А вскоре чернее прежней весть прилетела: стольный город погаными захвачен, и великий князь не только свою столицу потерял, но и семьи, сыновей своих Всеволода с Мстиславом лишился, а теперь, мол, собирает войско против татар.

Спешно созвав совет, Ярослав Всеволодович темнее тучи ходил по палатам из угла в угол, а потом, усевшись на стул с высокой резной спинкой, уставился тяжелым взглядом на собравшихся. Помолчав немного, он, переводя взгляд с одного знакомого лица на другое, стал рассказывать о полученных горьких известиях.

– Теперь и вам ведомо все, что и мне, – проговорил он хмуро, закончив рассказ, и опустил голову.

Все молчали, будто вражеской стрелой сраженные страшным известием, ждали слова своего князя.

Князь глянул на собравшихся исподлобья и, увидев на суровых лицах опытных воинов удивление и смятение, медленно распрямился и снова заговорил:

– Вижу, и вам с трудом верится, что такое случиться могло.
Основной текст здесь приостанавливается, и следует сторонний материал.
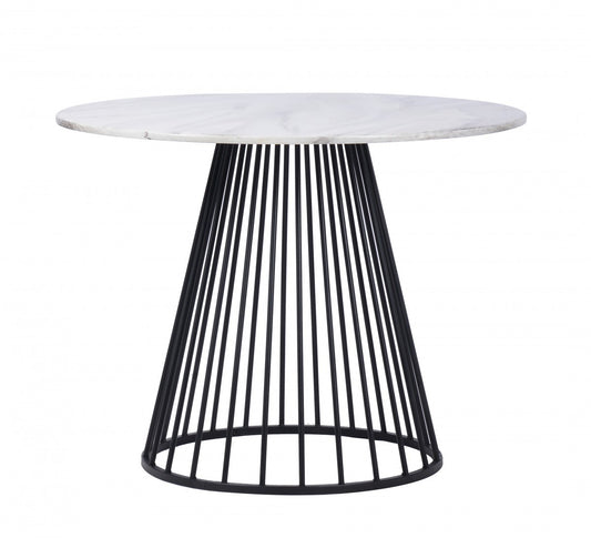 43" White And Black Rounded Manufactured Wood And Metal Dining Table
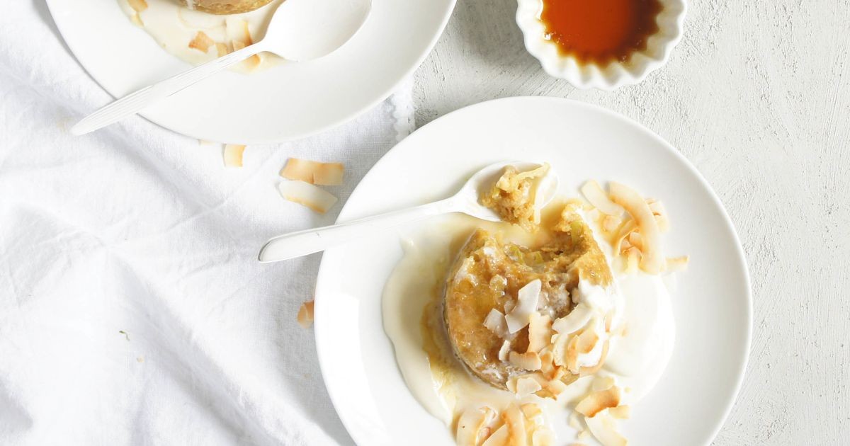 Cubra sin apretar con una envoltura de plástico y cocine en el microondas a temperatura alta durante 2 minutos. Déjalo reposar por un minuto, luego desliza un cuchillo dentro para aflojarlo.
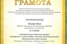 Поздравляем с призовым 1 местом воспитанника группы №4 Хисамова Раяна в муниципальном творческом конкурсе, посвященном 75-летию Победы в Великой Отечественной войне "Минувших дней живая память". Номинация "Аппликация" / 4 нче төркем тәрбиячесе Хисамова Раянны Бөек Ватан сугышында җиңүнең 75 еллыгына багышланган "үткән көн Тере хәтер"дип исемләнгән муниципаль иҗади конкурста призлы 1 урын белән котлыйбыз. Аппликация " Номинациясе"
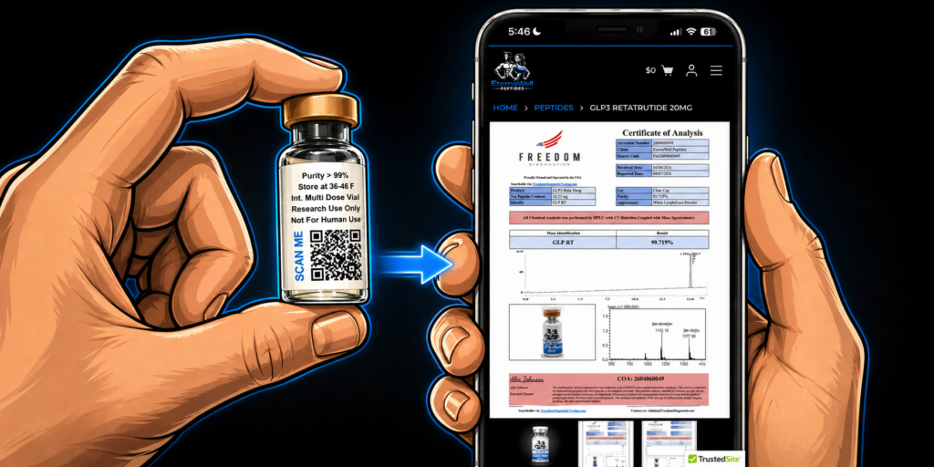 For quick and convenient verification of COAs, every single EternaWell peptide vial contains a scannable QR code for that product. We believe every customer deserves quick and convenient access to verify the quality of their product.
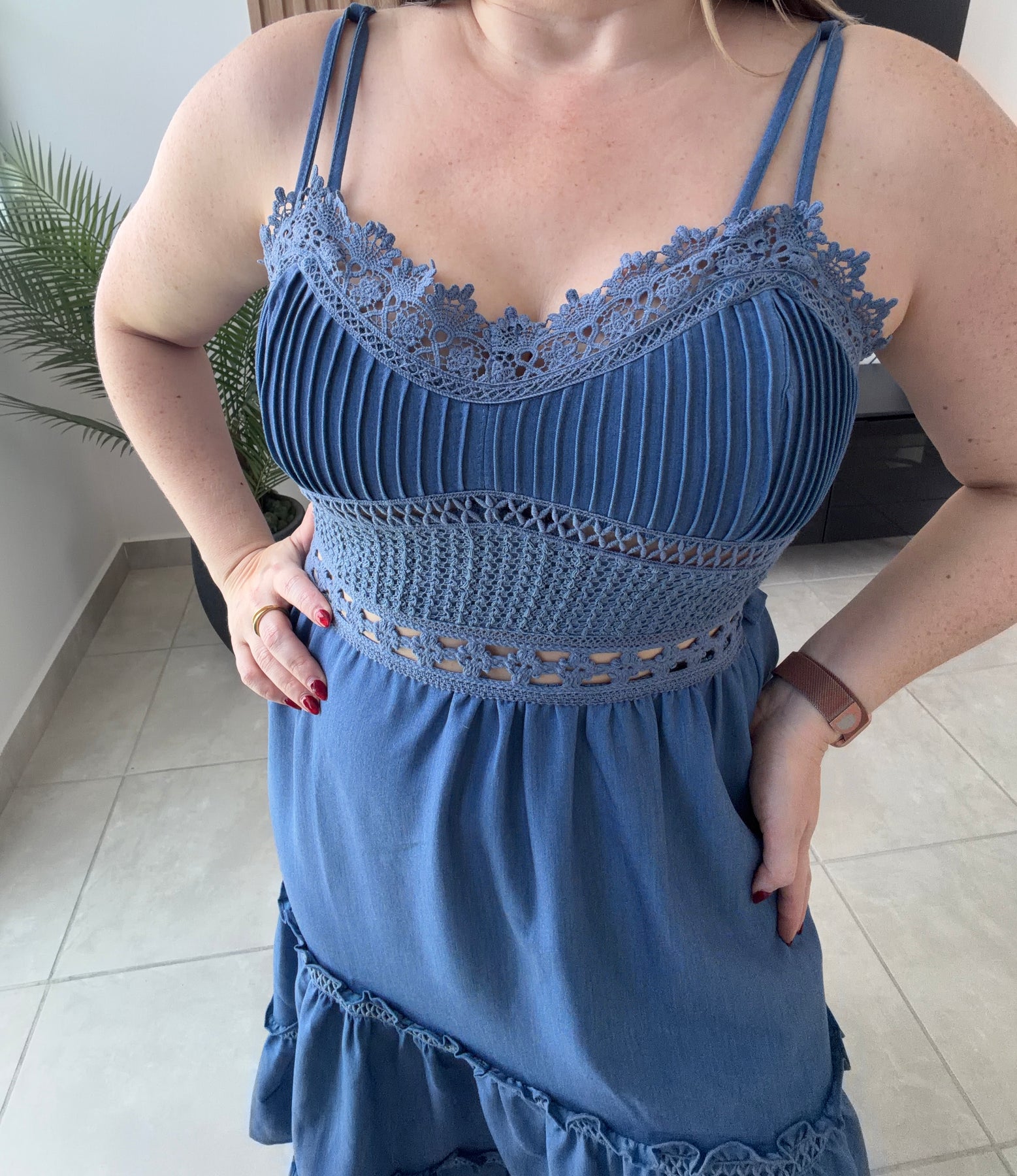 Tiene areas tejidas en crochet, dandole un toque delicado.
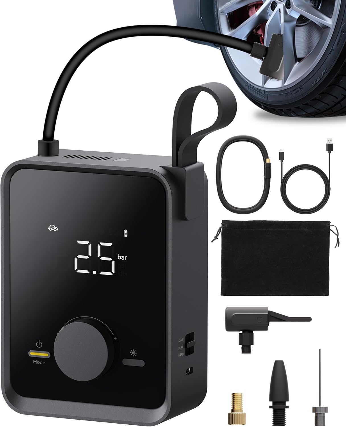 Ce compresseur d'air portatif HOTO apporte une solution rapide et pratique pour gonfler pneus de voiture, moto et vélo lors de vos déplacements. Grâce à sa batterie de 7500mAh et son moteur 12V, il vise une autonomie notable pour les interventions d'urgence et les sorties en plein air. En usage quotidien il permet d'éviter les longues attentes et facilite la préparation des trajets.
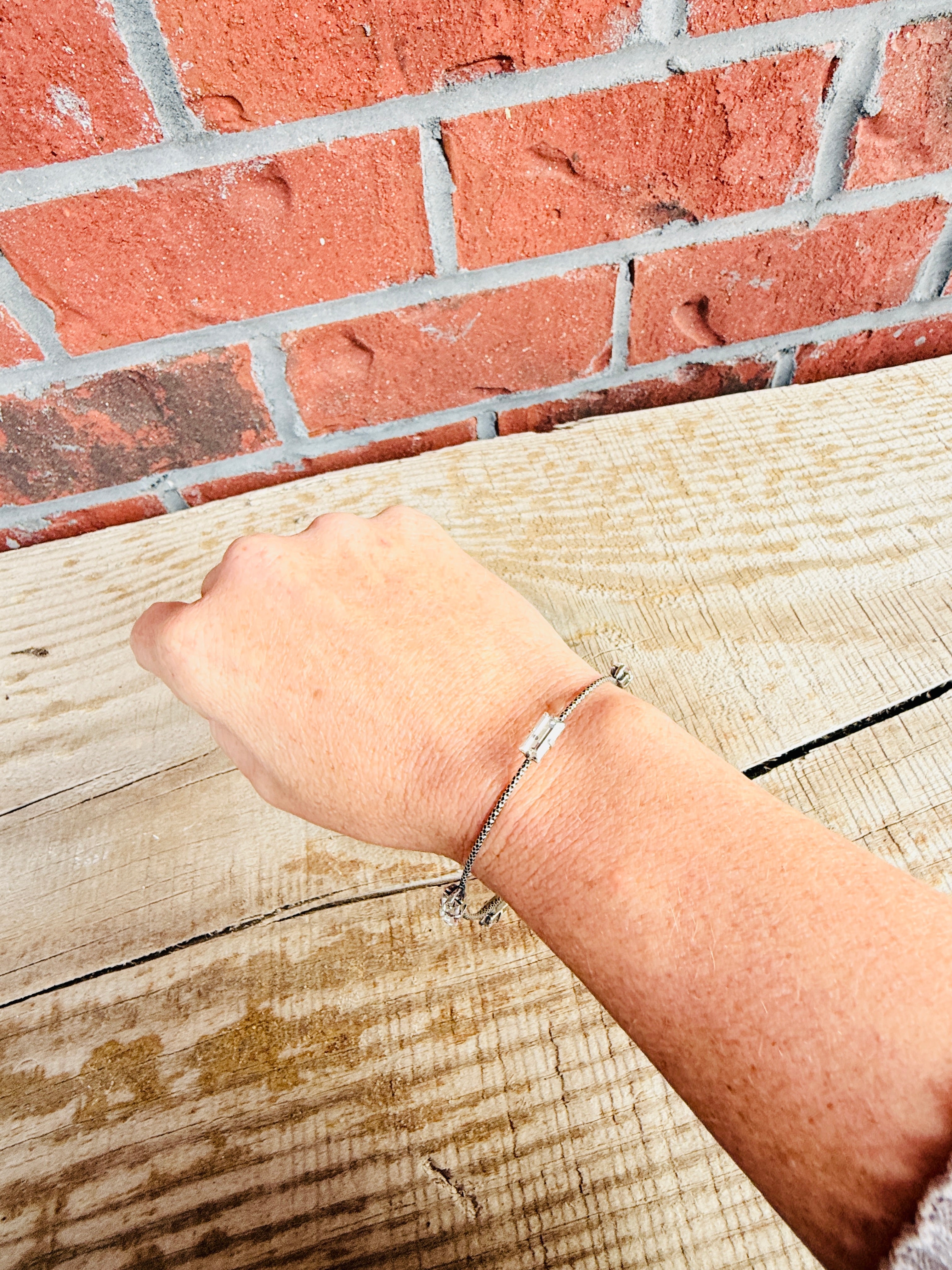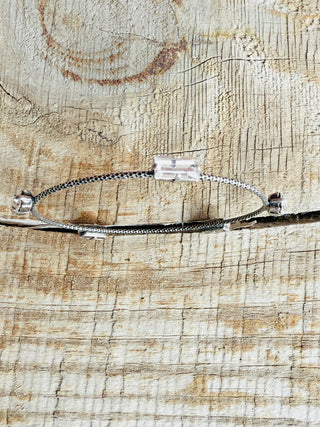 Experience the ultimate soulmate for your beloved bracelet stack - Alexandria Petite Silver Bangle Bracelet. Adorned with delicate crystal baguettes, its silver finish will radiate a stunning sparkle from every angle.
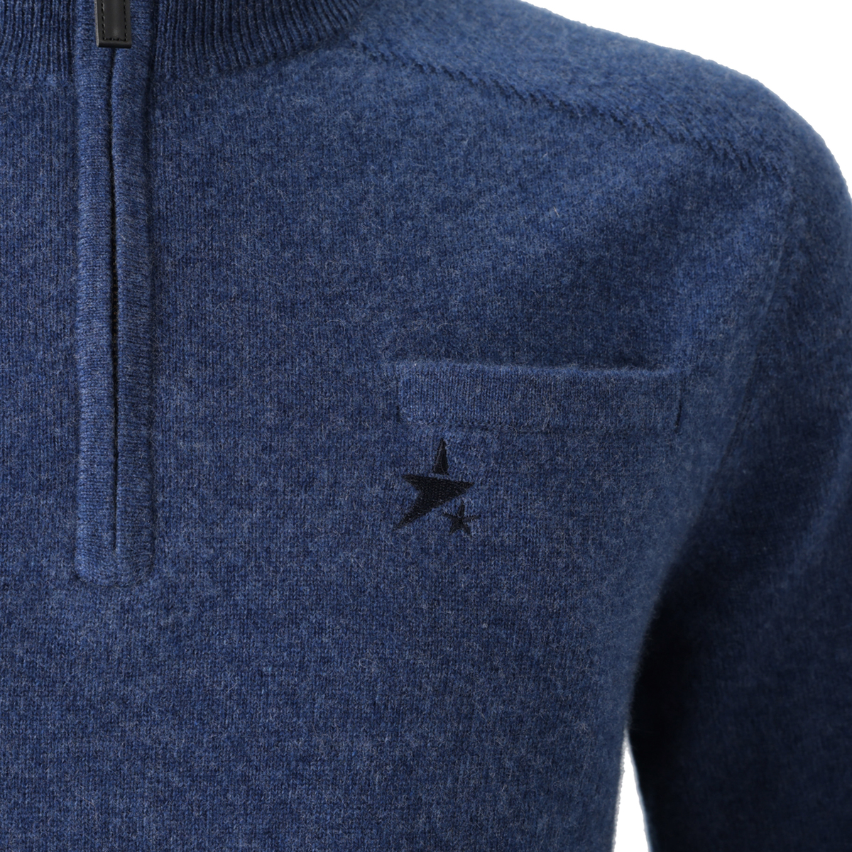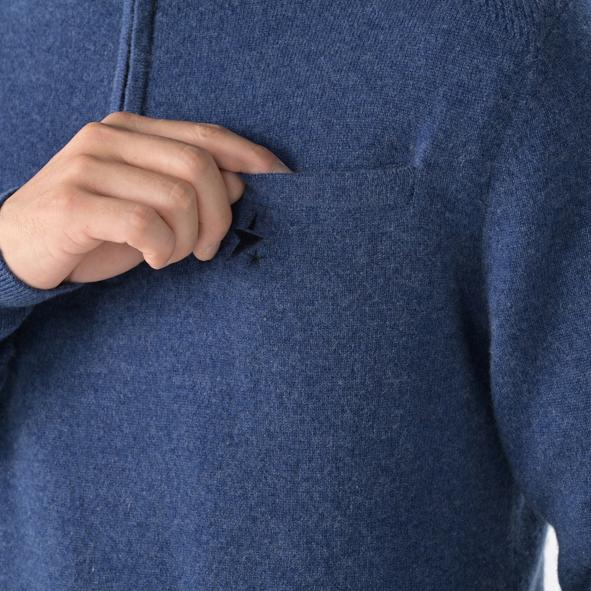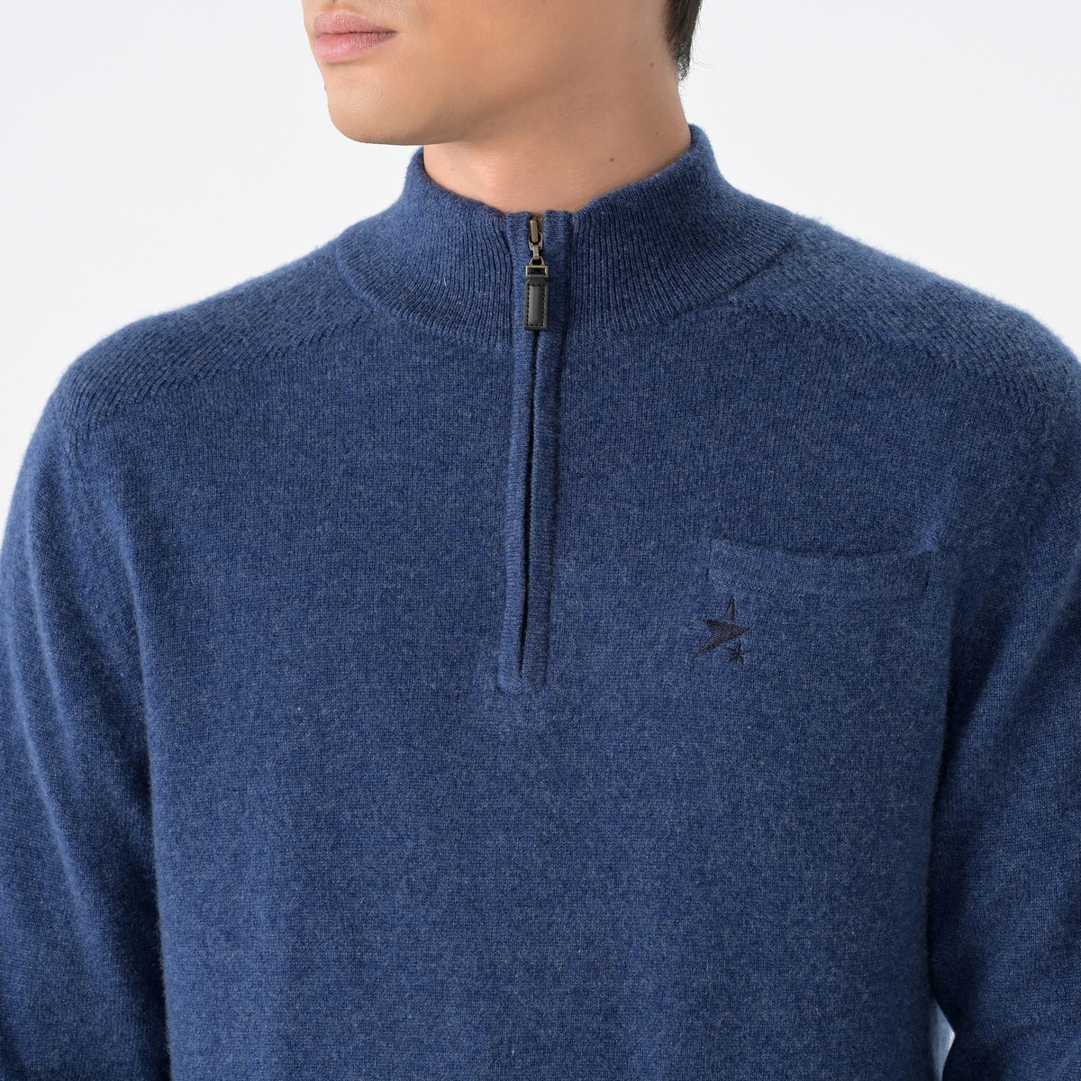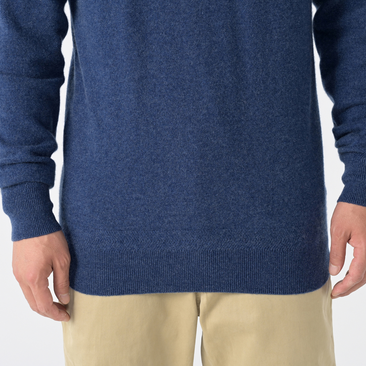カシミヤ100%のハーフジッププルオーバー。世界でも有数の産地として知られる内モンゴル産ホワイトカシミヤを使用。脱色の必要が無く、下地がホワイトなため色がよく入り発色が良いのが特徴です
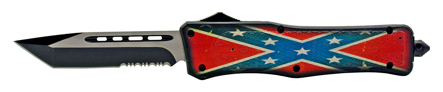5.75" Super Heavy Duty OTF Out the Front Folding Automatic Pocket Knife - Southern Confederate Flag

Но не время сейчас слезы лить по убиенным, надобно решить, как действовать будем. – Гулким эхом прокатились по палатам княжеские слова, сказанные хоть и твердым, но каким‑то совсем незнакомым голосом. – Сами знаете, и у наших ворот не гости богатые с заморскими товарами стоят, а вороги лютые, до наших земель и душ христианских охочие. Можем ли все оставить и уйти, чтобы великому князю помочь? Скажите свое слово, мужи мудрые, ратники бывалые!

Ответом князю было тягостное молчание. Слишком трудную ношу взвалил он на своих соратников, которые никак не могли прийти в себя от того, что сейчас услышали.

Хотели бы они спросить, как случилось, что великий князь, уже зная о силе врага, не сам на него пошел, а сына своего Всеволода биться с погаными отправил, почему оставил столицу, поручил ее сыновьям оборонять, а главное – отчего сразу за помощью не обратился? Но разве спросишь об этом у Ярослава Всеволодовича, ведь в вопросах таких слова о вине его брата скрыты, да к тому же вряд ли он и сам знает ответы на эти вопросы.

– Больно тяжело решение, князь, – прервал чей-то глухой голос затянувшееся молчание, – сразу не ответить.

Ярослав Всеволодович повернул голову в сторону говорившего, однако тот уже замолчал, понурив голову, но в этот момент раздался другой голос, а за ним, кажется, заговорили все разом:

– Поздно, князь, на подмогу собираться.

– Сам он виноват.

– Сразу бы звал.

– Вот–вот, может быть, тогда бы худа и не случилось.

– Кабы он рязанцам помог…

– Он и раньше‑то не больно спешил другим помогать, помнится, отрядец‑то, что он тестю твоему послал, до Калки так и не дошел, домой воротился.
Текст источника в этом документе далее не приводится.